Provided data |
################
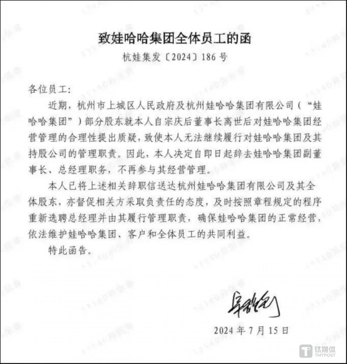 网传的辞职信表示,宗馥莉称,近期杭州市上城区人民政府及杭州娃哈哈集团有限公司 (「娃哈哈集团」) 部分股东就本人自宗庆后董事长离世后对娃哈哈集团经营管理的合理性提出质疑,致使本人无法继续履行对娃哈哈集团及其持股公司的管理职责。因此,本人决定自即日起辞去娃哈哈集团副董事长、总经理职务,不再参与其经营管理。
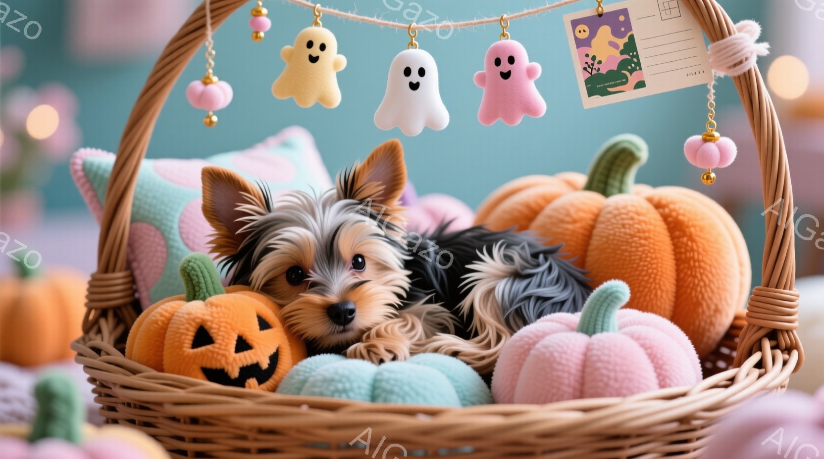この無料AI生成画像「長毛のヨークシャーテリアが、ハロウィーンをイメージしたコウモリ型のクッキーを口元に近づけています。背景にはオレンジ色のジャック・オ・ランタンと、カラフルなキャンディが散らばっており、ハロウィーンの楽しい雰囲気を演出しています。犬は前足を伸ばし、クッキーに興味津々な表情をしています。」は、2025年10月24日に作成されました。 サイズは 1664×928px の高解像度で、商用利用も可能なフリー素材として提供しています。
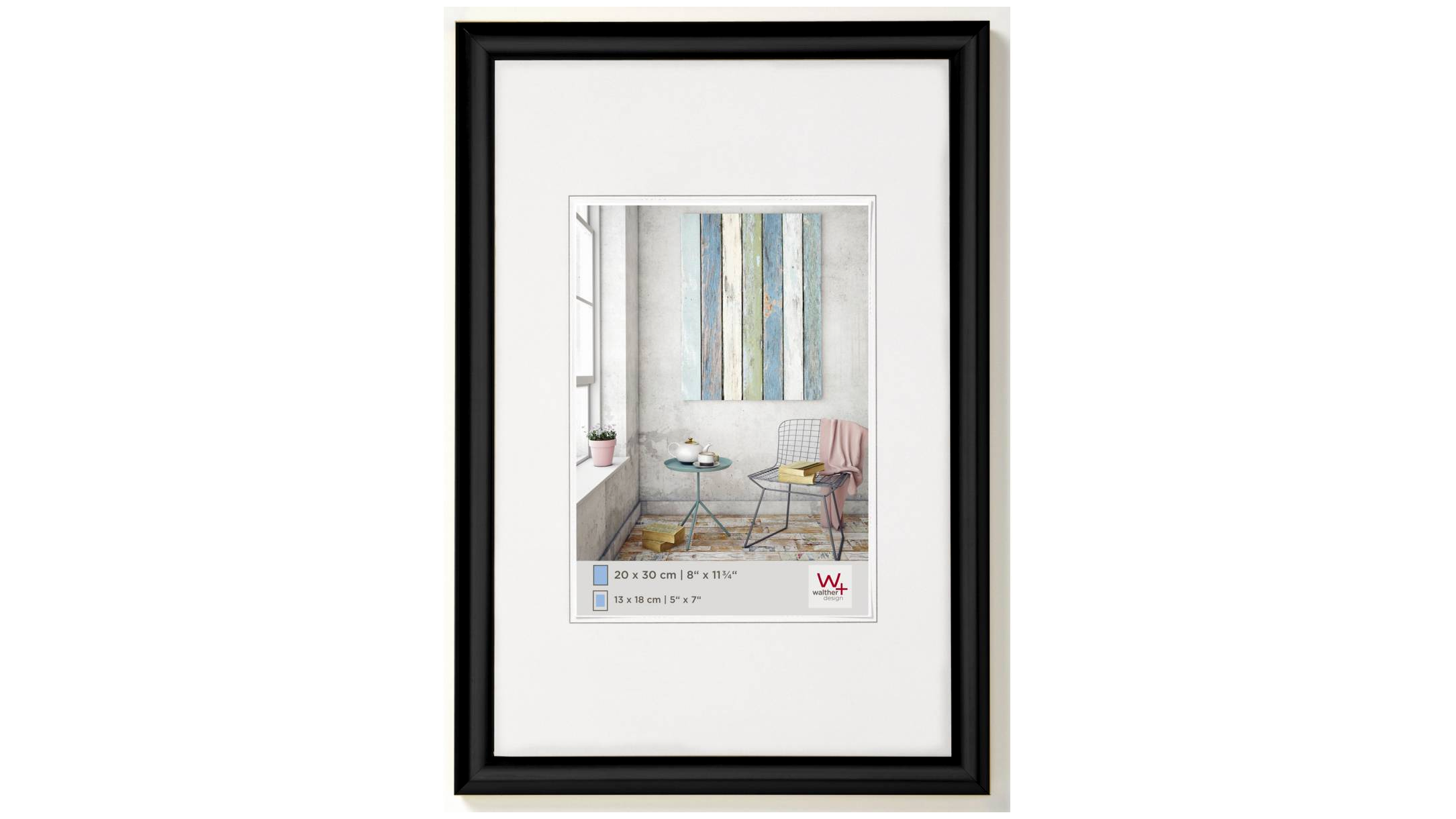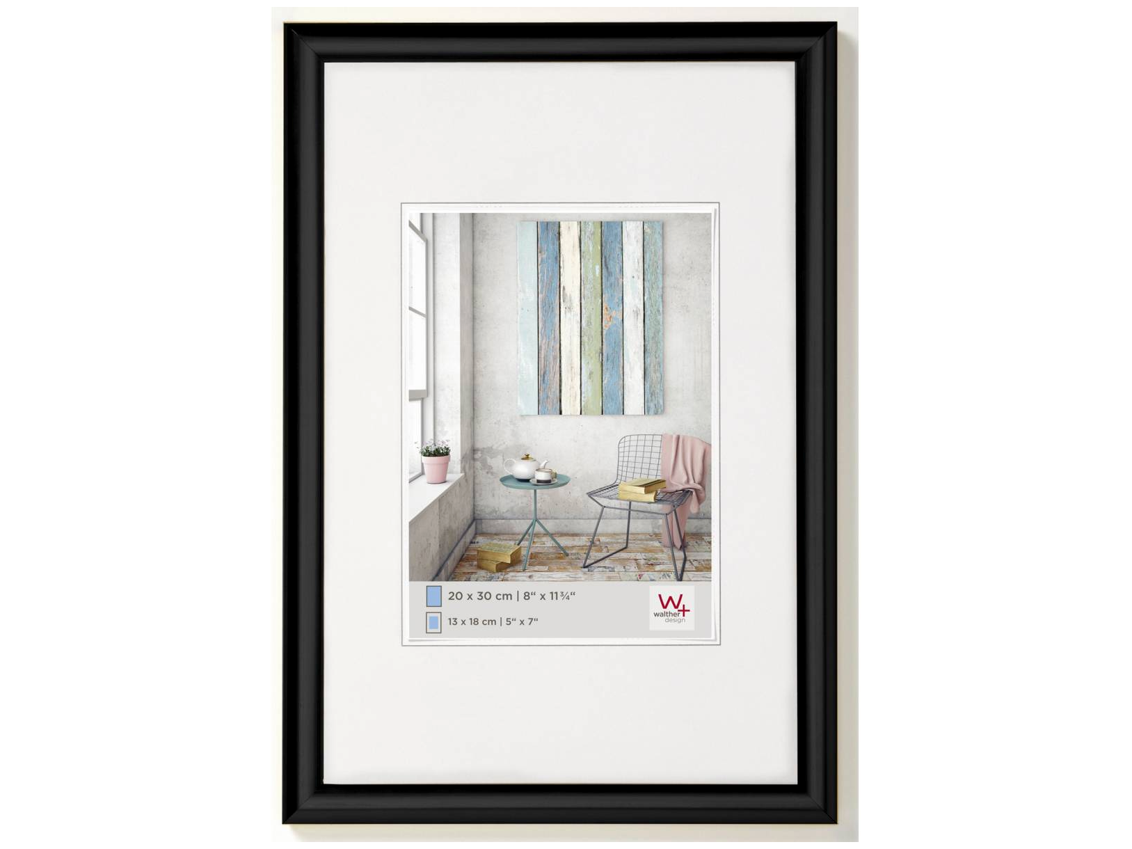A Walther műanyag keret, profilozott léccel. 40x50 cm-es képek tárolására alkalmas képkeret. Hátlapja kartonpapír. Falra akasztható fekete színű keret.
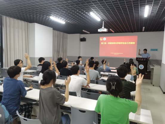 会议伊始,在何儒权老师的带领下,全体学生代表起立,奏唱国歌。随后,由学生会主席余江生、研究生学生会团委副书记杨民分别汇报本学年学生会、研究生会的工作报告。他们分别从组织建设、学风建设、思想建设、学生服务四个方面介绍了学生工作情况。工作汇报结束后,大家一致举手表决通过。
################
What you are asked to do |
Extract all the data above exactly, excluding every picture.

Response to this exercise |
 网传的辞职信表示,宗馥莉称,近期杭州市上城区人民政府及杭州娃哈哈集团有限公司 (「娃哈哈集团」) 部分股东就本人自宗庆后董事长离世后对娃哈哈集团经营管理的合理性提出质疑,致使本人无法继续履行对娃哈哈集团及其持股公司的管理职责。因此,本人决定自即日起辞去娃哈哈集团副董事长、总经理职务,不再参与其经营管理。
この無料AI生成画像「長毛のヨークシャーテリアが、ハロウィーンをイメージしたコウモリ型のクッキーを口元に近づけています。背景にはオレンジ色のジャック・オ・ランタンと、カラフルなキャンディが散らばっており、ハロウィーンの楽しい雰囲気を演出しています。犬は前足を伸ばし、クッキーに興味津々な表情をしています。」は、2025年10月24日に作成されました。 サイズは 1664×928px の高解像度で、商用利用も可能なフリー素材として提供しています。
A Walther műanyag keret, profilozott léccel. 40x50 cm-es képek tárolására alkalmas képkeret. Hátlapja kartonpapír. Falra akasztható fekete színű keret.
 会议伊始,在何儒权老师的带领下,全体学生代表起立,奏唱国歌。随后,由学生会主席余江生、研究生学生会团委副书记杨民分别汇报本学年学生会、研究生会的工作报告。他们分别从组织建设、学风建设、思想建设、学生服务四个方面介绍了学生工作情况。工作汇报结束后,大家一致举手表决通过。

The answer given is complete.